I cannot tell whether the suggested participants are willing to participate. Other potential candidate could be: Hendrik Purwins

[Arpi 02.08.05]: Good addition. We have added him to the list of possible participants.


Review 2

General comments: Title: Evaluation of Key Finding Algorithms Using Audio Data or Evaluation of Key Finding Algorithms Part 1 Description Paragraph: Par 2, Line 2 - sentence requires correction

[Arpi 02.08.05]: Thank you. This has been corrected.

The problem is well defined and the mentioned possible participants seem likely to participate.


Regarding the evaluation procedures, length of input excerpt would have to be determined (15 to 30 seconds - any studies on the ideal length?)

[Arpi 02.08.05]: We would like to receive further input in regards to this. We are open to using the entire piece or an excerpt (i.e. 15, 30 seconds).


Assumption of closeness:

  • Perfect 5th: Is this generally accepted as an almost similar key?

[Arpi 02.08.05]: Yes it is. Please refer to http://www-rcf.usc.edu/~echew/papers/CiM2003 for further details.

[EC 02.08.05]: Keys a perfect fifth apart share all but one pitch (with the differing pitches being only one half step apart). The above paper describes three models for tonality (by Krumhansl, Lerdahl and Chew) with similar relative distances between keys which are consistent with that mentioned in our proposal.

  • Parallel major or minor: Not too certain if this needs to be clarified (Ignore this comment if this is generally understood by the majority working in this field)


Based on the error analysis approach outlined, would the algorithm that performs best with the new parameter settings be considered superior ?

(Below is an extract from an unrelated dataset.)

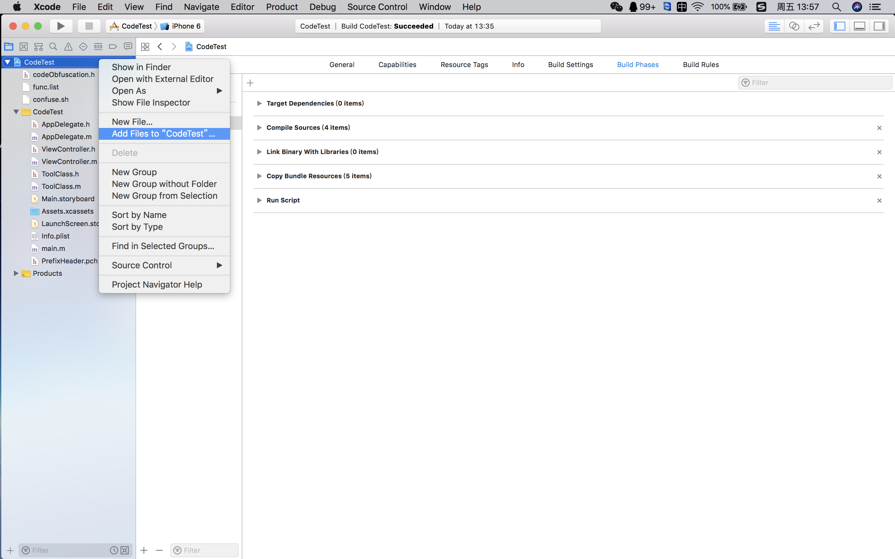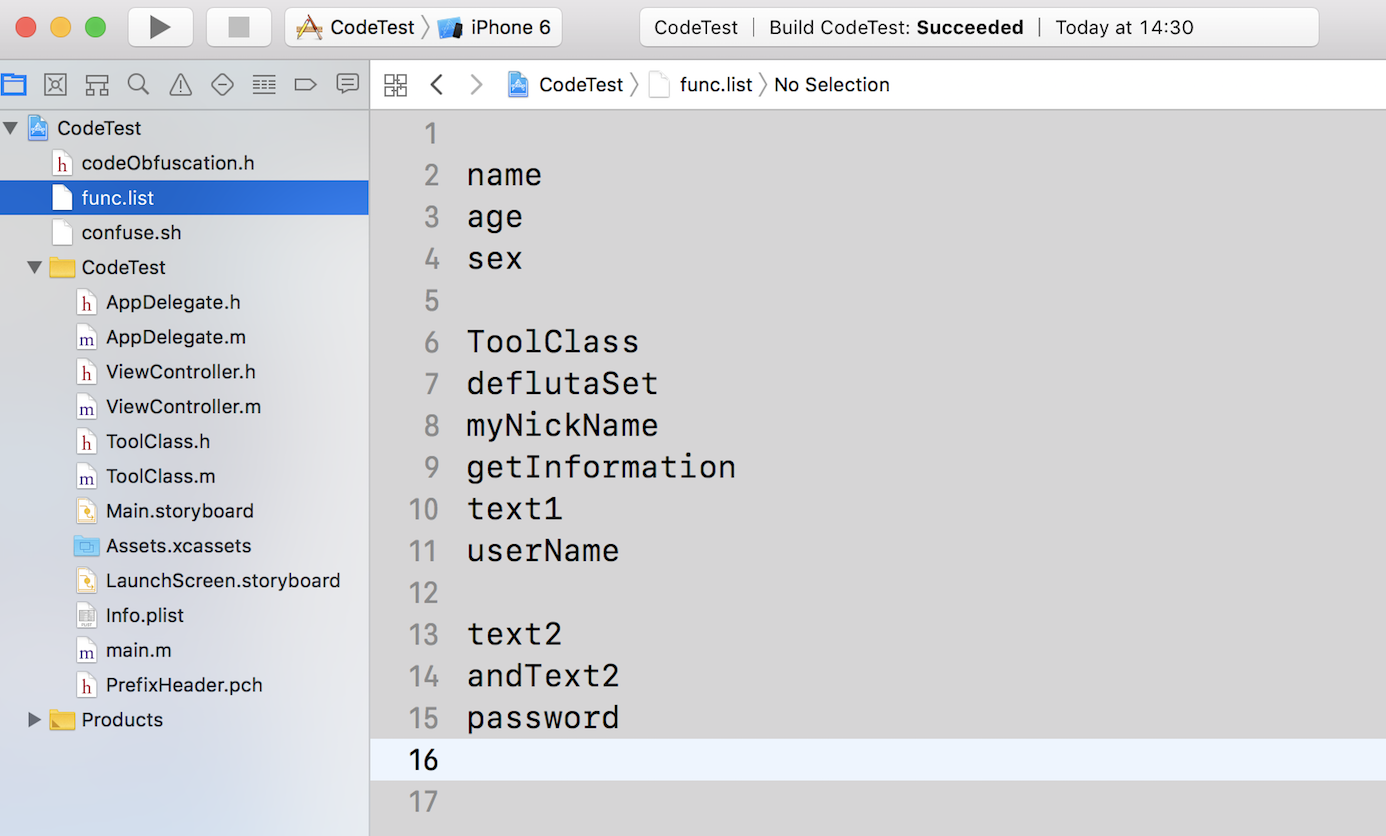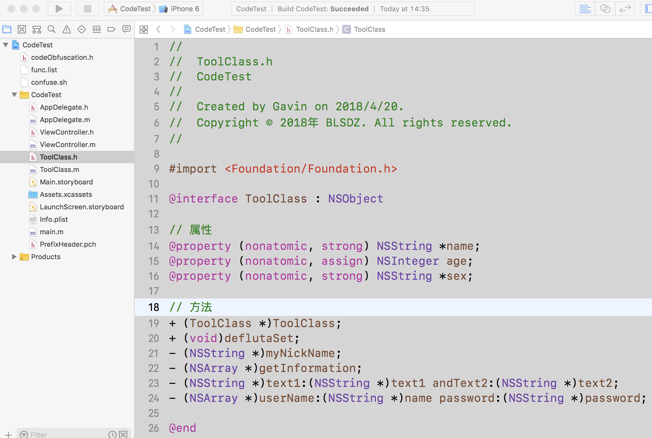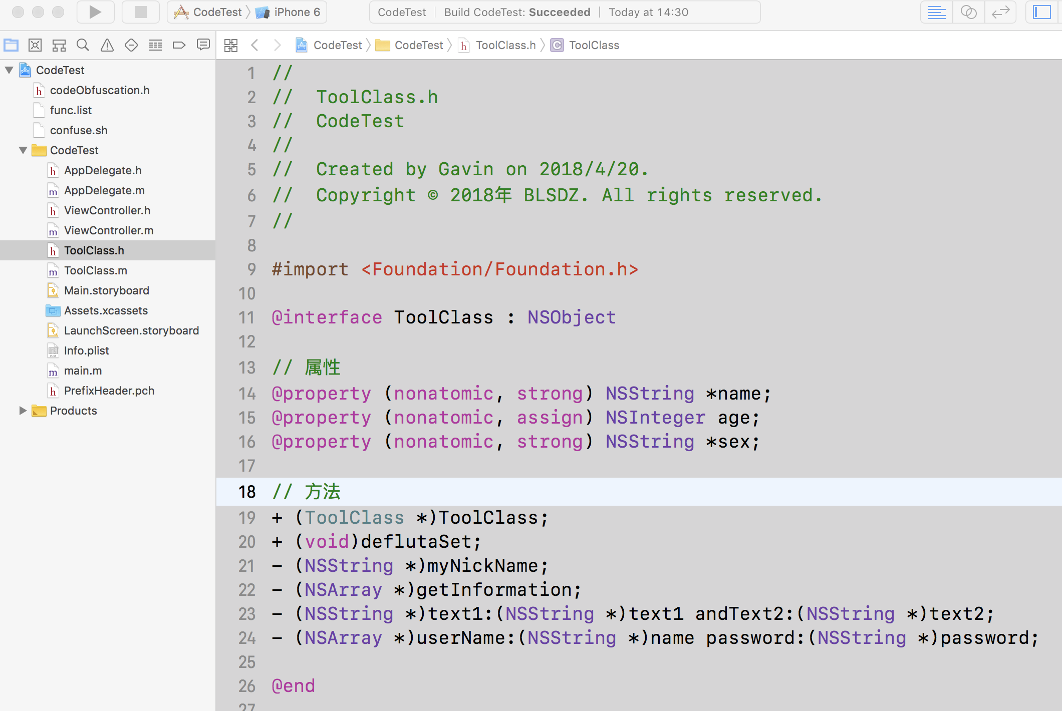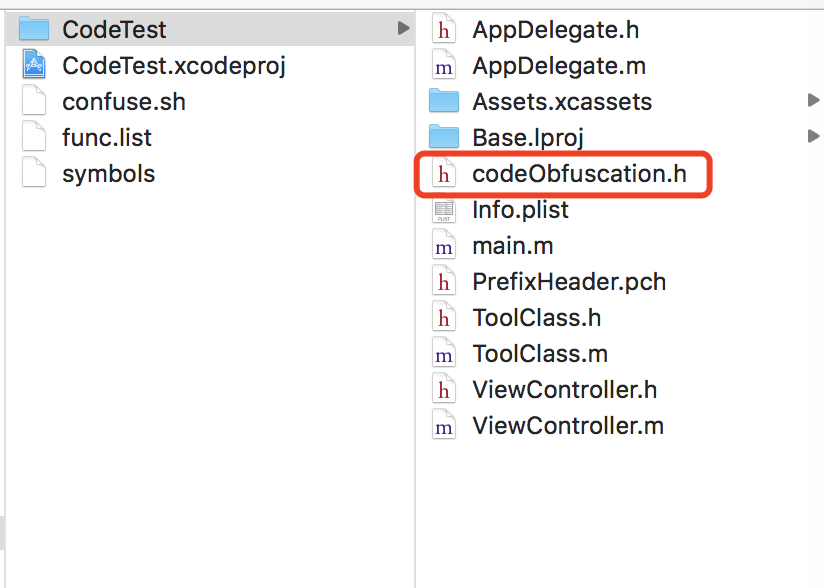 此时,我们再编译一下项目,然后在工程目录下,我们会多出一个codeObfuscation.h文件

[Arpi 02.08.05]: Key finding and its evaluation is a complex matter. This is a good question to which there is no straightforward answer. We would like to explore the definition of algorithm superiority further. Input from participants would be valuable.


The test data are relevant. Are there any alternative data sets if the Naxos collection does not become available?

[Arpi 02.08.05]: The Naxos collection only contains audio data. We propose using MIDI data and audio synthesized from MIDI. Please refer to comments made in Review 1.


Downie's Comments

1. Am intrigued and heartened by the fact that both an audio and a symbolic version of the task has been proposed.

2. The modality question does arise and like Review #2, I would like to understand better the gradations of "failure" (i.e., the Perfect 5th issue), etc.

3. I would very much like to see a direct tie in with symbolic and audio data (i.e., a one-to-one match of score with audio), if possible.

4. Wonder if we could frame this for evaluation purposes as a more traditional IR task? For example, Find all pieces in Key X...find all pieces in a minor mode.....and the kicker...find all pieces transposed from their original keys!

[Arpi 02.08.05]: This is a great idea. This approach will certainly give us new metrics. We can further explore this if time permits.


Emmanuel's Comments

I was the one to decide that the original proposal on key finding should be split into two proposals on audio key finding and symbolic key finding. Indeed the audio and symbolic parts involve completely separate data and separate participants. From the committee point of view, this needs as much annotation and testing work as two independent proposals. I did not ask the authors about it, so it's not their fault.

I am strongly in favor of merging the two proposals into a single one again. But then the symbolic and audio data need to correspond to the same titles as much as possible, so that the performances can be compared. Can the RWC database or another database be used for it ? Also the participants need to submit algorithms for both tasks if possible. I suppose it won't be too hard for audio key finding algorithms to work also on symbolic data, since audio data may be easily synthesized from symbolic data using a conventional midi synthesizer.


Arpi's Comments

As Emmanuel stated, we submitted a single proposal for audio and symbolic key-finding. We have now re-combined the two proposals. Please refer to Emmanuels comments for further details.